NESG: Nigeria Should Prioritize Data, Food Production

0
25

NESG: Nigeria Should Prioritize Data, Food Production

CHIGOZIE AMADI

The Chief Executive Officer of the Nigerian Economic Summit Group (NESG), Dr. Tayo Aduloju, has called on the federal and state governments to invest more on data as lack of adequate data can hinders planning, economic growth and development.

Speaking at the quarterly media engagement of NESG over the weekend, Aduloju called on the government to prioritise data, and advocated for more funding for National Bureau of Statistics (NBS), which according to him, is under-funded.

He said, “Generally speaking, we are under-collecting data to plan Nigeria and that must change. If you don’t have data to plan your local, state and federal activities then what is the basis of development. We can be working with approximate guesswork. The wider the guess, the more off track we would be. If you look at education, health agriculture and so on, you would still be working with approximate values of data. We must resolve this.”

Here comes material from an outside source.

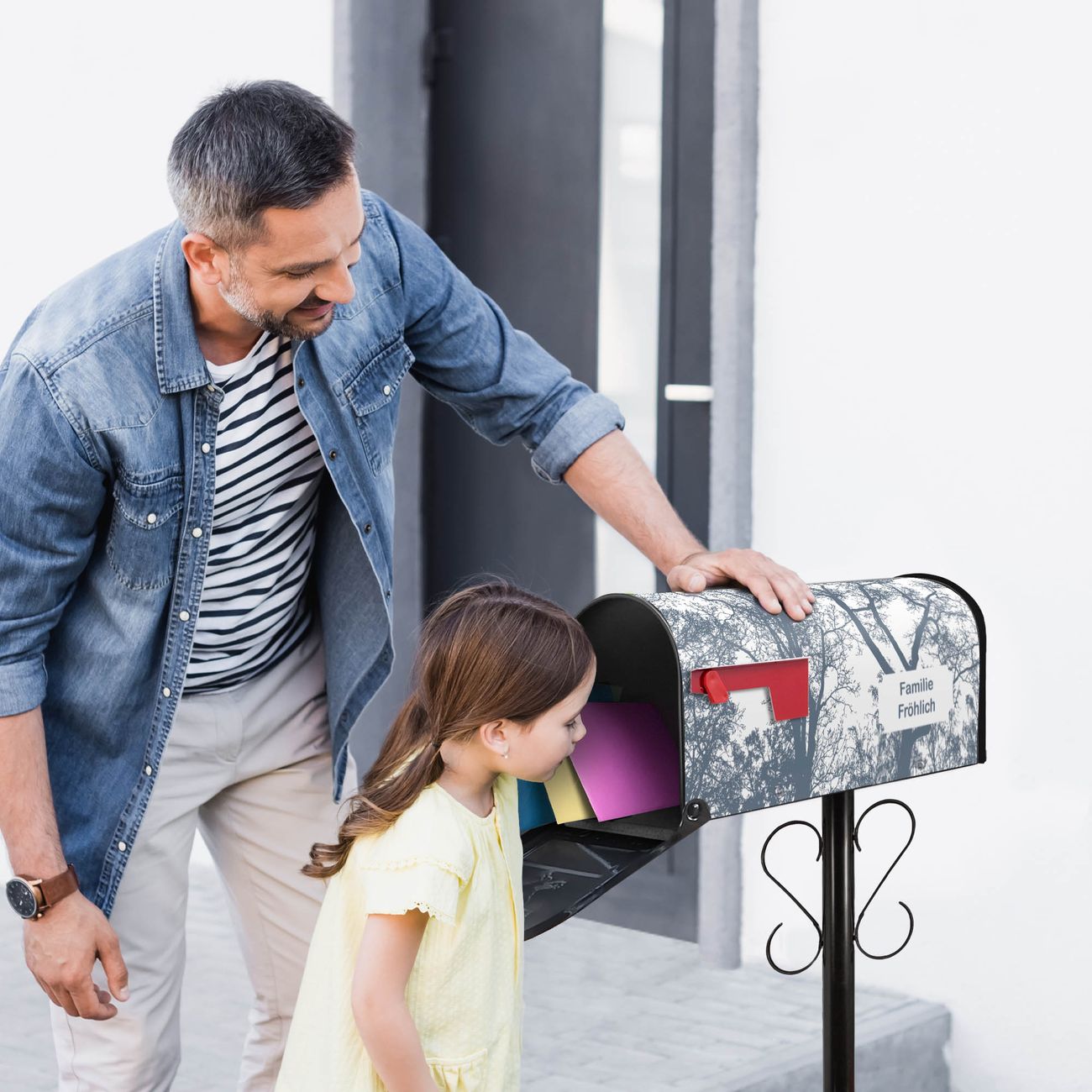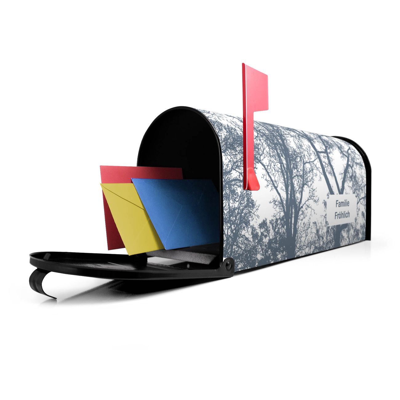 Unser amerikanischer Briefkasten mit dem Motiv Zwischen Bäumen 7 hat ein sehr ansprechendes und ausgefallenes Design, ist in der Grundfarbe weiß, grün oder schwarz erhältlich. Damit entlocken Sie Ihren Nachbarn und dem Postboten immer wieder ein Lächeln. Die Mailbox ist ein Original Import aus Mississippi USA und wird von unserer kleinen Manufaktur in Sachsen von Hand veredelt. Die US-Mailbox bietet ausreichend Platz auch für große Sendungen, eine Fahne die Ihnen Post anzeigt, wetterfestes und äußerst stabiles Material - so macht Post empfangen Freude.

On food crisis, Aduloju called for a collaborative effort among governments to address the increasing food crisis in the country, which according to him could lead to higher inflation.

According to Aduloju, Nigeria currently cultivates far lesser land than what it used to produce adding that this was affecting general food output.

He noted that the nation’s population was growing faster than its ability to produce food.

“The first question we must ask ourselves is whether we are producing enough food. Is the availability of food at the scale we require? We’ve also pointed to all the security threats, we’ve broken security threats beyond human security to soil security, water security, land security, input security, so fertilizer, pesticides, etc. And pull that together to say that the system is under stress and it will be tackled with a system approach. There is also an affordability problem, what has been driving inflation is more than just the production of food, it is that the effects pass through on anything we import, “he said.